云海中央,禁阵光芒缓缓褪去,漫天符文逐一点碎消散,逆天的天道威压随之缓缓褪去,却将最后一缕阴寒的反噬病根,狠狠钉入施法者的骨血深处。
阵心跪地的魂染,浑身猛地一软,再也撑不住摇摇欲坠的身躯。
持续多日的剧痛、透支、元神龟裂的损伤轰然席卷全身,眼前彻底漆黑,浑身灵力尽数枯竭。
她没有倒下,依旧死死撑着单薄的身子,指尖虚虚抵着云海,只为最后亲眼看看结果。
她的元神没有消散,没有湮灭。
可天道反噬的代价,分毫不少、永久烙印。
一股阴冷顽固、扎根心脉的暗疾,悄然成型,盘踞在她神魂最深处——终生无解的心疾。
自此往后,她但凡心绪起伏、忧思波动、动情念、起悲喜,心脉便会骤然绞痛,撕骨剜心,日夜纠缠,无药可愈,无术可解,伴她万古余生,永世不离。
这是逆天改命,天道予她永恒的惩罚。
也是她心甘情愿,为黎灰背负的、一辈子的枷锁。
就在此刻——
云床之上,久久沉寂的人,睫羽轻轻颤动。
一下,两下。
缓慢、真实、鲜活。
下一瞬,那双沉寂许久、曾散尽所有光亮的灰眸,缓缓睁开。
幽暗深邃,清润如初,带着万古星辰的沉淀,带着独属于御王黎灰的气韵,完完全全、真真切切地归来了。
他醒了。
黎灰缓缓睁眼,意识从混沌中回笼。
最先涌入脑海的,不是禁忌森林的妖兽绝杀,不是元神溃散的撕裂剧痛,也不是天地漂泊的虚无茫然。
他醒来第一眼,视线穿透结界,穿透漫天微凉的风,精准锁定云海阵心——那个单膝跪地、满身血痕、发色霜白、孱弱破碎的身影。
魂染。
一瞬间,刚复苏的元神骤然发紧,心口狠狠一抽。
万古沉稳、从无波澜的心境,破天荒掀起滔天惊痛。
他记得自己散尽元神、意识沉沦前的最后执念——护住她,让她好好活着。
可他睁眼所见,却是她倾尽一切、近乎殒命的模样。
她跪坐在血色云海之间,紫衣破败,霜紫长发凌乱散落,唇间血迹未干,脸色苍白得近乎透明,元神气息残破龟裂,虚弱得仿佛一阵风就能吹倒。

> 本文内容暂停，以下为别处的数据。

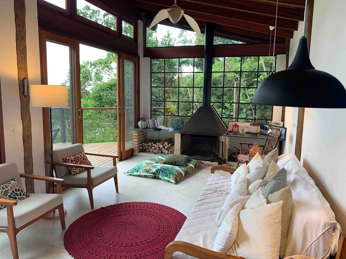 Esta casa nova está localizada acima das árvores dentro da Aldeia Rizoma, uma propriedade localizada a 15 minutos do centro histórico da cidade. A propriedade oferece uma academia ao ar livre, sauna (paga à parte), trilhas privadas e acesso a 5 cachoeiras privadas. O estúdio de um quarto possui uma cama king size, uma banheira de hidromassagem privada e uma cozinha totalmente equipada. Há uma cama extra que pode ser usada por uma terceira pessoa, com uma taxa adicional por noite.

亿万年温柔自持、清雅淡然的魂界仙尊,被反噬折磨得满身疮痍,狼狈不堪。
黎灰眸底瞬间炸开极致的心疼与慌乱。
刚归位的元神不稳,身躯尚且虚弱,他却全然不顾自身状态,几乎是刹那,便撑着身子坐起,动作急促失态,褪去了所有高冷疏离。
“魂染!!!”
他声音沙哑低沉,带着刚苏醒的微哑,更带着藏了千万年、此刻彻底绷不住的慌痛。
话音未落,他已然翻身落地,大步掠至她身前。
昔日散漫慵懒的御王,此刻步履仓促,眼底只剩唯一的她。
灵犀阁众人静静立在后方,看着这失而复得的一幕,满心酸涩,无人言语。
他们看着黎灰苏醒的惊喜,也看着魂染满身无解的伤痕,看着这场以命换命、双向奔赴的千万年情深。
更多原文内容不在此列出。